From: Serguei Sagalovitch
Date: Mon Nov 28 2016 - 10:03:46 EST


On 2016-11-27 09:02 AM, Haggai Eran wrote
On PeerDirect, we have some kind of a middle-ground solution for pinning
GPU memory. We create a non-ODP MR pointing to VRAM but rely on
user-space and the GPU not to migrate it. If they do, the MR gets
destroyed immediately. This should work on legacy devices without ODP
support, and allows the system to safely terminate a process that
misbehaves.
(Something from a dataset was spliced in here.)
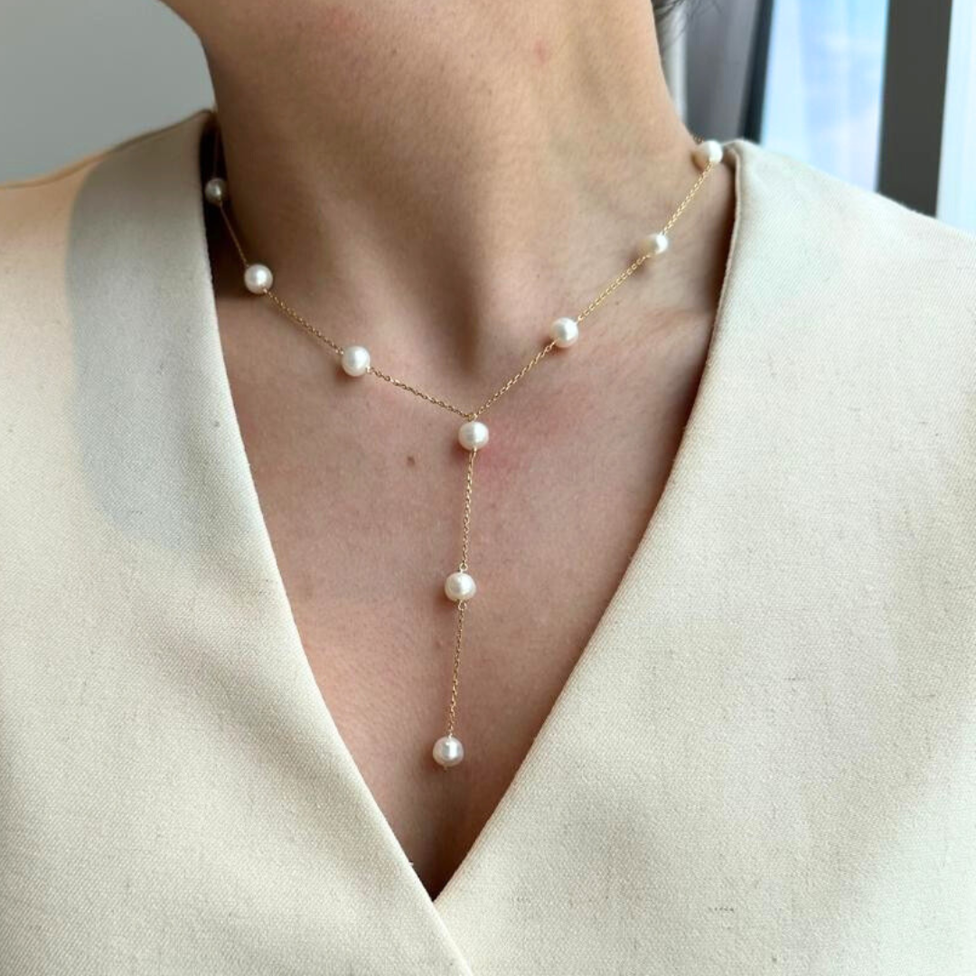 El Pearl Lariat Luxe Necklace es una pieza que destaca por su elegancia y originalidad. Su diseño tipo lariat con perlas y detalles dorados crea una caída delicada y favorecedora. Ideal para looks que buscan un toque femenino, moderno y sofisticado.

The downside of course is that it cannot transparently
migrate memory but I think for user-space RDMA doing that transparently
requires hardware support for paging, via something like HMM.

...
May be I am wrong but my understanding is that PeerDirect logic basically
follow "RDMA register MR" logic so basically nothing prevent to "terminate"
process for "MMU notifier" case when we are very low on memory
not making it similar (not worse) then PeerDirect case.
I'm hearing most people say ZONE_DEVICE is the way to handle this,
which means the missing remaing piece for RDMA is some kind of DMA
core support for p2p address translation..
Yes, this is definitely something we need. I think Will Davis's patches
are a good start.

Another thing I think is that while HMM is good for user-space
applications, for kernel p2p use there is no need for that.
About HMM: I do not think that in the current form HMM would fit in
requirement for generic P2P transfer case. My understanding is that at
the current stage HMM is good for "caching" system memory
in device memory for fast GPU access but in RDMA MR non-ODP case
it will not work because the location of memory should not be
changed so memory should be allocated directly in PCIe memory.
Using ZONE_DEVICE with or without something like DMA-BUF to pin and unpin
pages for the short duration as you wrote above could work fine for
kernel uses in which we can guarantee they are short.
Potentially there is another issue related to pin/unpin. If memory could
be used a lot of time then there is no sense to rebuild and program
s/g tables each time if location of memory was not changed.